Available data
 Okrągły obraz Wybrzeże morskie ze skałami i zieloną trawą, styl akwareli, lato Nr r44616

...

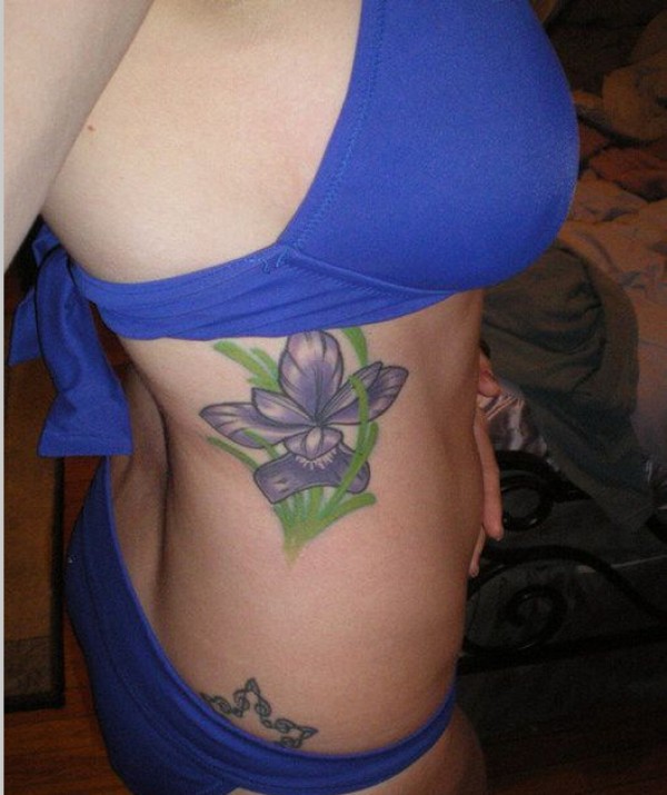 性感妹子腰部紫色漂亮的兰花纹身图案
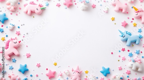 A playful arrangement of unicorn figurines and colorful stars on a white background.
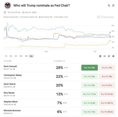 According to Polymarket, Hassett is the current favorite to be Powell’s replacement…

Task directions
Above are the records; please give again, exactly and in full, only the lines that run from the line with "性感妹子腰部紫色漂亮的兰花纹身图案" through the line with "According to Polymarket, Hassett", with no pictures.

Solution for this exercise
 性感妹子腰部紫色漂亮的兰花纹身图案
 A playful arrangement of unicorn figurines and colorful stars on a white background.
 According to Polymarket, Hassett is the current favorite to be Powell’s replacement…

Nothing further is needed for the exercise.